The EIA duty has even been raised in international arbitration, such as the 1995 Nuclear Tests case before the ICJ. In 2010, the ICJ declared in the Pulp Mills on the River Uruguay (Argentina v. Uruguay) case that EIA in the transboundary context had become a binding norm of international law. Judgment, 2010 I.C.J. Rep. 14, ¶ 204 (Apr. 20, 2010).

However, these anecdotes do not tell the full story of NEPA’s conquest. In 1992, a survey of EIA legislation around the world by Professor Nick Robinson found only 39 nations with EIA requirements, in addition to a number of treaties and organizations with EIA provisions. Nicholas A. Robinson, International Trends in Environmental Impact Assessment, 19 B.C. Env’t Aff. L. Rev. 591, 595 (1992) [hereinafter Robinson]. Subsequent surveys such as a 1995 report by United Nations Environment Programme (UNEP) and a 1996 study by the IAIA found a growing number of nations adopting an EIA duty. A 1998 study by the International Institute for Environment and Development of then-existing EIA regulations and guidelines provided the most comprehensive survey at that time, counting 108 nations with legislation imposing an EIA duty, a little more than half of all UN member states. Annie Donnelly et al., A Directory of Impact Assessment Guidelines (2d ed. 1998). Some two decades later, a 2018 survey shows that the EIA norm has now been adopted in at least 183 countries and jurisdictions, including the European Union, Palestine, and Taiwan.
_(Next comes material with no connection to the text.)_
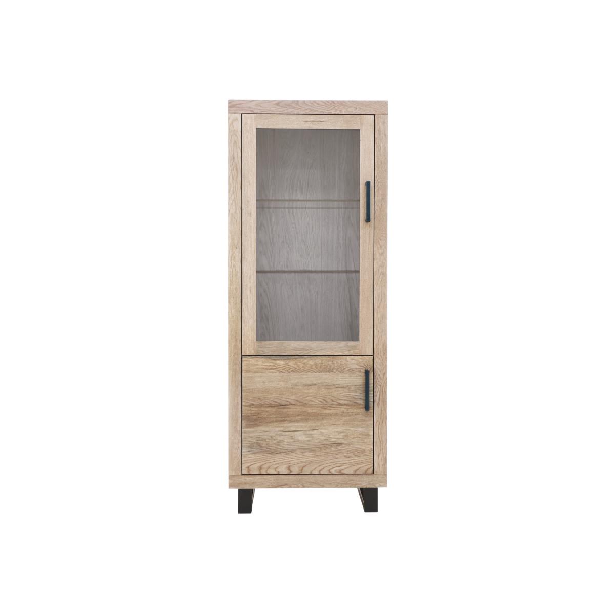 The Terra range combines the warmth of rustic style with the urban edge of industrial design – and it does it beautifully. Expertly handcrafted from solid natural oak, every piece boasts impeccable craftsmanship with knots and markings on full display. Its distinctive black metal legs and natural warmth make this a statement range for design-led interiors and relaxed dining spaces alike. And with a handcrafted padded bench or soft, faux leather cantilevered chairs, there’s plenty of comfy perches to choose from. Simply sit back, tuck in and enjoy your meal in comfort. The Terra range is fully bespoke with a wide range of options for table top edges, thickness, size and colour, alongside several striking leg options. Create your unique design today. With built-in LED lights and plenty of display and storage space, this small display cabinet is a versatile and practical way to bring home on-trend industrial style. Why you'll love it Beautifully made small display unit represents the elegant side of urban design. Statement industrial style. Made from 100% solid natural oak with authentic knots and markings. Striking black metal U-shaped legs. Built-in LED lighting helps show off your favourite ornaments. A protective matte lacquer makes this piece even more robust. Versatile arrangement of display space and cupboard storage. The door of this display cabinet is hinged on the left. Also available with a right-hand hinged door. Made in Europe. Exclusively available at Furniture Village. This small display cabinet is part of the Bodahl Terra collection. What you need to know Glass-fronted cupboard has 2 glass shelves. Lower cupboard has 1 shelf. Doors and drawers are soft-closing. Made of solid oak and metal. Oak may feature knots, saw marks and variations in tone and texture. Metal legs are finished by hand and may show marks. Use a clean, damp cloth to clean the oak. Also available as part of the range's media sets. WARNING!Furniture can tip over unexpectedly and cause injury. This item must be fixed to a wall using the anti-tip kit provided. Be sure to use the correct wall fixings suitable for the walls in your home. Furniture Village is not able to fix anti-tip devices for you. Seek professional advice if you are unsure.

Yang, supra, at 545.

The Contours of Environmental Impact Assessment Across the World

The 2018 survey results show that at least 183 countries (out of 197), about 93%, impose an EIA duty by legislation and/or regulation and another eight multilateral development banks and national development aid agencies require it as part of their operational processes, including lending practices. The survey also identified six states that did not possess an EIA requirement (Eritrea, Nauru , Singapore, Somalia, South Sudan, and Suriname), while it was unable to ascertain with sufficient confidence the status of eight other states (Barbados, Central African Republic, Holy See, Monaco, San Marino, St. Kitts and Nevis, St. Lucia, and St. Vincent and Grenadines).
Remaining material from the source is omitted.